May 11 (Bloomberg) -- Global finance chiefs reaffirmed their three-month old commitment not to manipulate currencies, signaling acceptance of the weakest yen in four years.
Finance ministers and central bankers from the Group of Seven today agreed “not to target exchange rates,” U.K. Chancellor of the Exchequer George Osborne said after chairing a meeting in Aylesbury near London. He said members have “held to” their February pledge to avoid doing so.
The yen this week fell beyond 100 per dollar for the first time since 2009, extending a decline fueled by more aggressive monetary policy from the Bank of Japan. While the slide may hurt trade rivals, the G-7 officials are signaling acceptance of Governor Haruhiko Kuroda’s argument that Japan’s bond buying is aimed at bolstering growth and not at manipulating the currency.
“The Bank of Japan isn’t targeting the exchange rate,” Kuroda told reporters yesterday.
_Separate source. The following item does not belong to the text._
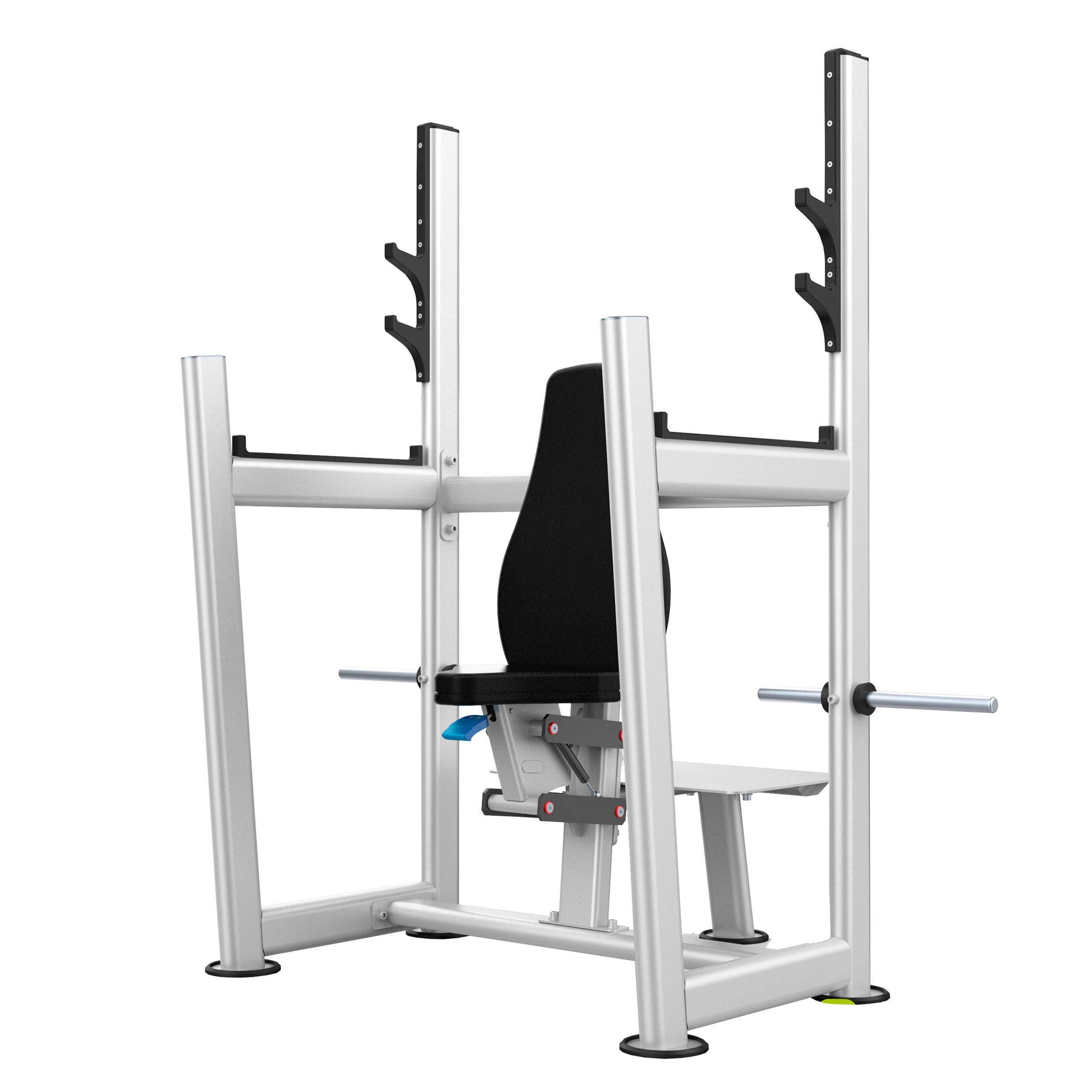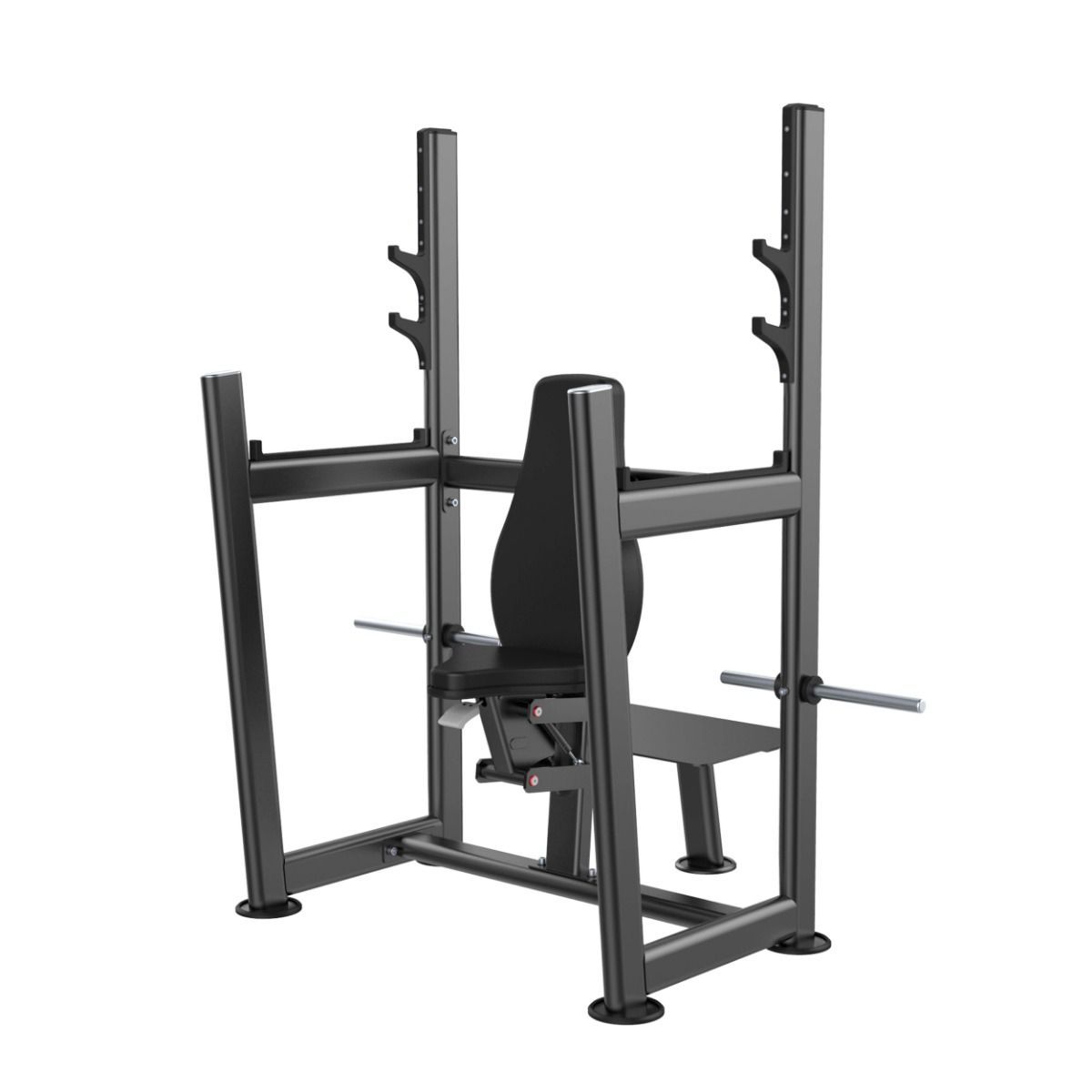 На раме тренажера закреплены двухуровневые опоры из пластика с четырьмя ложементами для фиксации штанги и предотвращения механического воздействия на раму и покрытие.

Finance Minister Taro Aso said there had been no criticism of Japan’s policies at the G-7 and he had no opinion on his currency’s value.
The BOJ last month announced it would double its monthly bond purchases in an attempt to deliver 2 percent inflation within two years and end two decades riddled with recession and deflation.
“The world community has made clear that domestic tools that are designed to deal with domestic growth are within the bounds of what the international community thinks is appropriate,” U.S. Treasury Secretary Jacob J. Lew said yesterday. “We’ve made it clear that we’ll keep an eye on that.”
With the yen falling, nations including Australia, New Zealand and Switzerland are also moving to counter climbing currencies before they hurt their exporters. The risk is such efforts provoke retaliation from trade partners.